Frente a la explicación binaria, dos fuerzas enfrentadas, a saber: la Reforma protestante versus la Contrarreforma católica, a mediados del siglo pasado fueron ganando terreno investigaciones sobre un conjunto de movimientos y personajes cuyas propuestas de transformación sociorreligiosa se alejaron tanto de las distintas vertientes del protestantismo como del catolicismo.
Los movimientos y personajes aludidos han sido agrupados bajo el nombre de Reforma radical.
Antes de que George Williams, investigador de la Universidad de Harvard, publicara en 1962 la primera edición de The Radical Reformation, ya había visto la luz un importante número de trabajos sobre algunos aspectos e integrantes del movimiento.
El mismo Williams hizo causa común con Ángel M. Mergal para conjuntar la antología Spiritual and Anabaptist Writers, publicada en 1957, que sirvió de modelo para la compilación de John H. Yoder, Textos escogidos de la Reforma radical, cuya tercera edición es de 2016.
La obra de George H. Williams tuvo una segunda edición en español, La Reforma Radical, publicada por el Fondo de Cultura Económica en 1983. Es un volumen de mil veintiséis páginas.
El autor revisó el texto de la edición original en inglés e hizo precisiones y algunas ampliaciones, de tal manera que consideró el editado en México un libro más completo que el dado a conocer en 1962.

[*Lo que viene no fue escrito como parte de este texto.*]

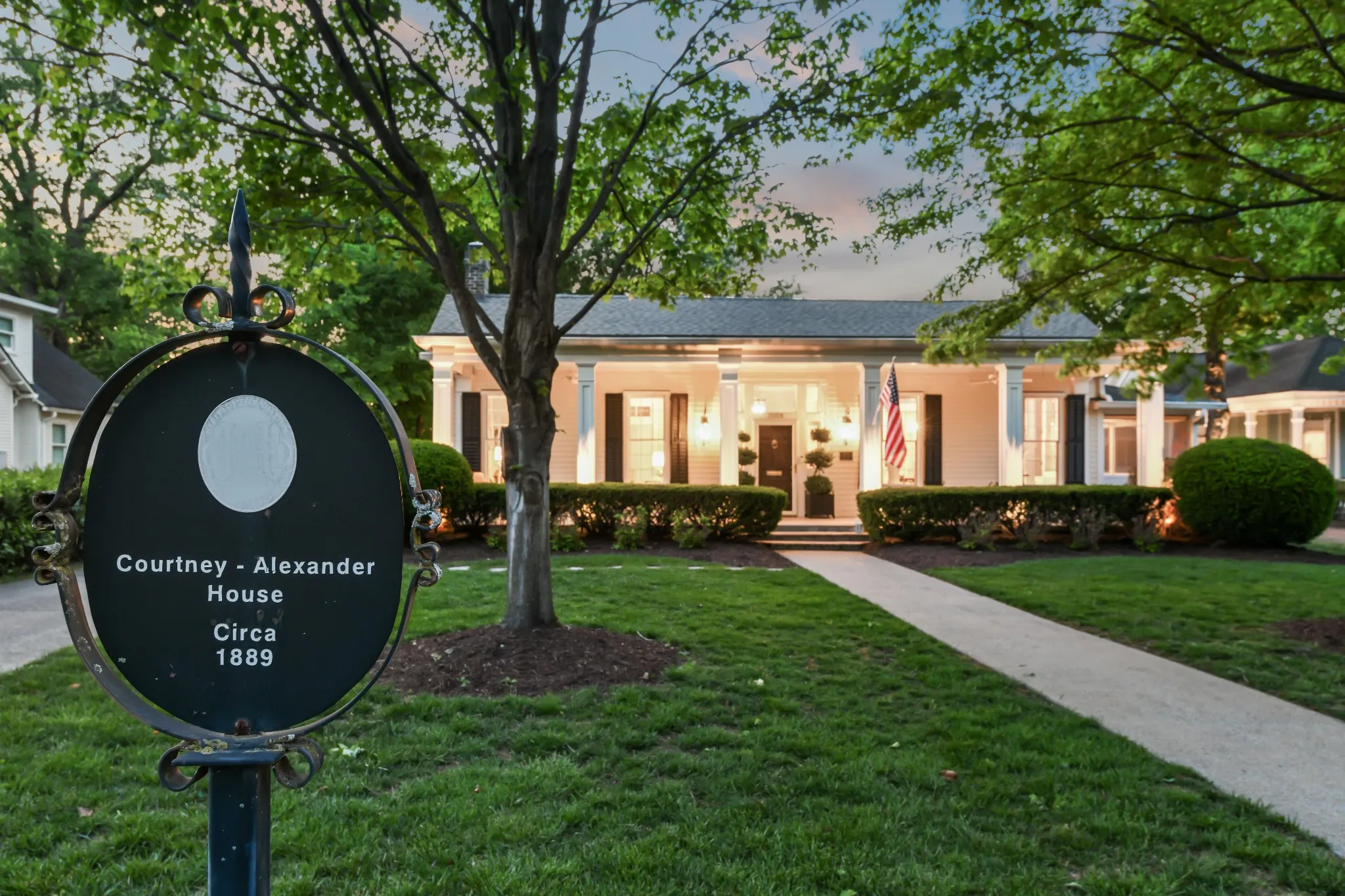 Own a rare piece of downtown Franklin history minutes from America’s Favorite Main Street. Built in 1889 and on the National Register of Historic Places, the Courtney-Alexander House offers a rare blend of history and convenience on a private, over half-acre lot with mature trees and ample space for imagining a pool, addition, or detached dwelling. Stately dining and living rooms with dual gas fireplaces and beautifully restored hardwood floors throughout. Enjoy one-level living with a chef’s kitchen and primary suite with walk-in closet, built-in storage, and claw-foot tub with separate tiled shower. Fabulous outdoor spaces with expansive covered front porch, screened-in side porch, entertainer’s patio, and a lush, level lot full of possibilities. Attached 2-car garage and gated entry.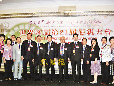 ■曾智明等嘉應商會代表團成員於懇親大會歡迎晚宴上合影留念。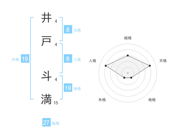 井戸 斗満さんの総格は27画の3点!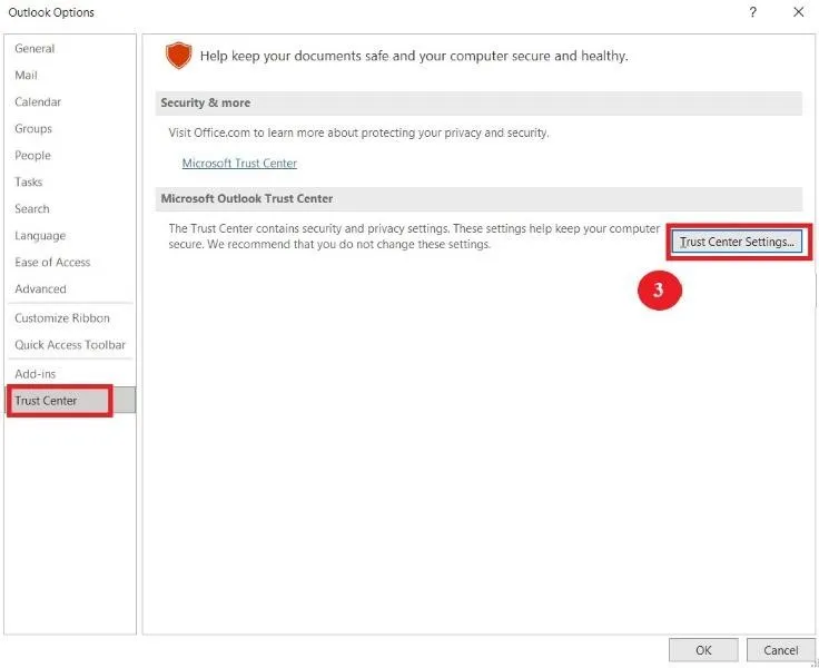 - En la nueva ventana, seleccione Centro de confianza y, a continuación, haga clic en Ajustes del Centro de confianza.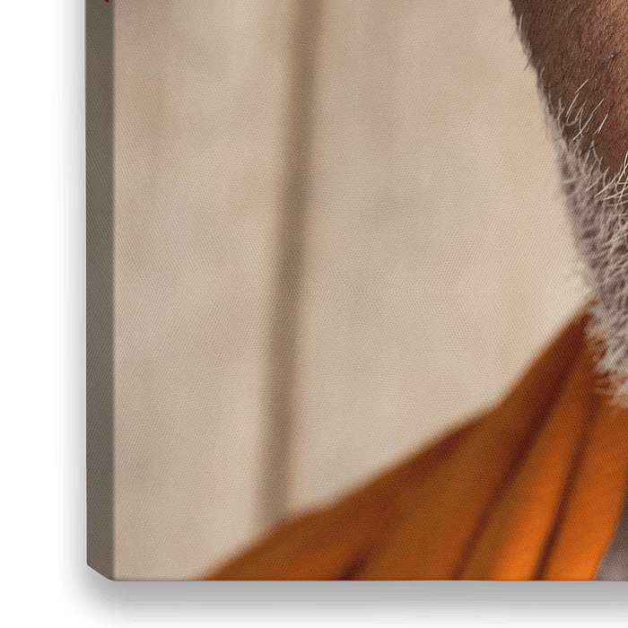 Dieses Bild zeigt eine indische Person, die einen leuchtend orangefarbenen Turban und ein orangefarbenes Gewand trägt. Der Hintergrund scheint eine Holzoberfläche mit vertikalen Brettern zu sein. Die leuchtende Farbe des Turbans und des Gewandes steht im Kontrast zu den gedämpften Tönen des hölzernen Hintergrunds, wodurch die Kleidung…
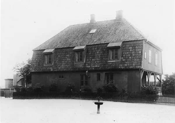 Foss skoles skolegård, drikkefontene, Øvre Foss gård, bolighus, stakitt, port, hage, menn, kvinner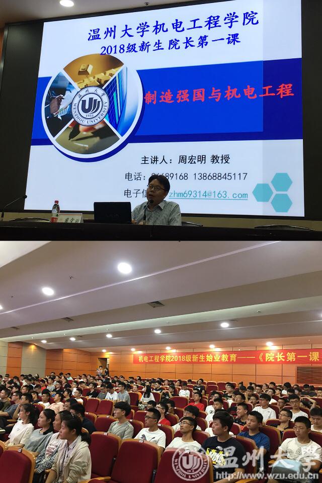 为帮助新生了解和适应大学的学习生活,激励学生们努力奋进,2018年9月13日8:30,麻豆视频 “院长第一课”新生始业教育专题讲座《制造强国与机电工程》主题报告在岩松堂雁山厅进行。麻豆视频 院长周宏明给2018级全体新生上了大学第一课。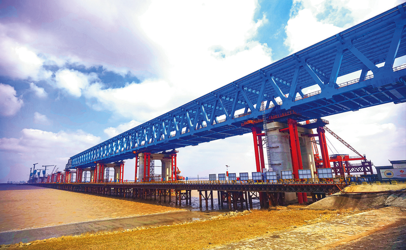 中铁大桥院参与设计,中铁大桥局施工的崇启公铁长江大桥是一座世界级桥梁工程,跨越长江入海口北支航道,非通航孔桥为主跨112米连续钢桁结合梁,合计长1205.4米,采用(99.2米+9×112米+98.2米)的11跨布局。 戴翀 周威 崔永兴 摄影报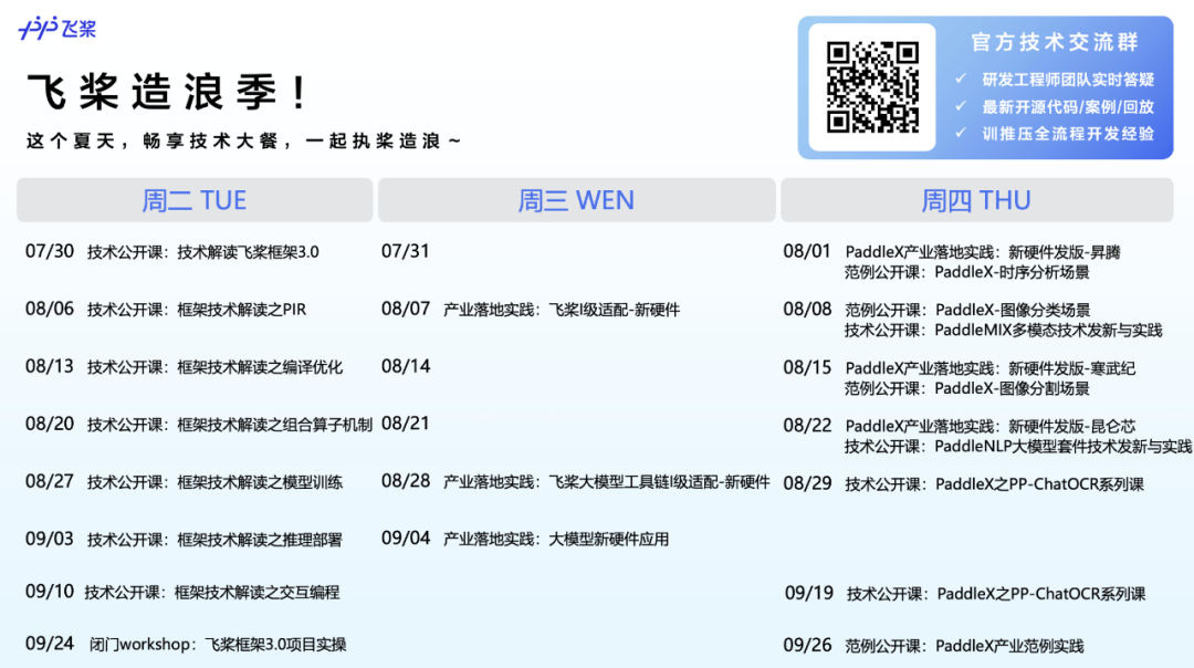 更多飞桨一手技术动态请关注飞桨造浪季系列活动,内容涵盖飞桨框架3.0、低代码开发工具PaddleX、大语言模型开发套件PaddleNLP、多模态大模型开发套件PaddleMIX、典型产业场景下硬件适配技术等多个方向,详情如下:

Él mismo escribió en el prefacio: “La versión española que el autor tiene en sus manos deja muy atrás la versión inglesa original, de manera que es, por ahora, la edición definitiva y autorizada”. La tercera edición, en inglés, vio la luz en 1992.
Williams ahondó en la superioridad de la edición en español, la cual es resultado del filólogo y crítico literario Antonio Alatorre, quien “ha hecho subir notablemente el valor de mi libro”.
Esto fue así porque Alatorre, reconoció Williams, “No sólo ha mejorado el texto original y puesto al día ciertos addenda et corrigenda gracias a inteligentes preguntas y propuestas que me han obligado a procurar una mejor claridad de exposición, sino que también, gracias a sus verificaciones personales de citas procedentes de obras escritas en diferentes idiomas, y a su afán de hacer plenamente coherentes y completas las notas de pie de página de la edición original y de las ediciones mecanografiadas, ha dado una mayor solidez al conjunto del libro, para beneficio de los lectores de habla española, lo mismo que de los investigadores de otros países”.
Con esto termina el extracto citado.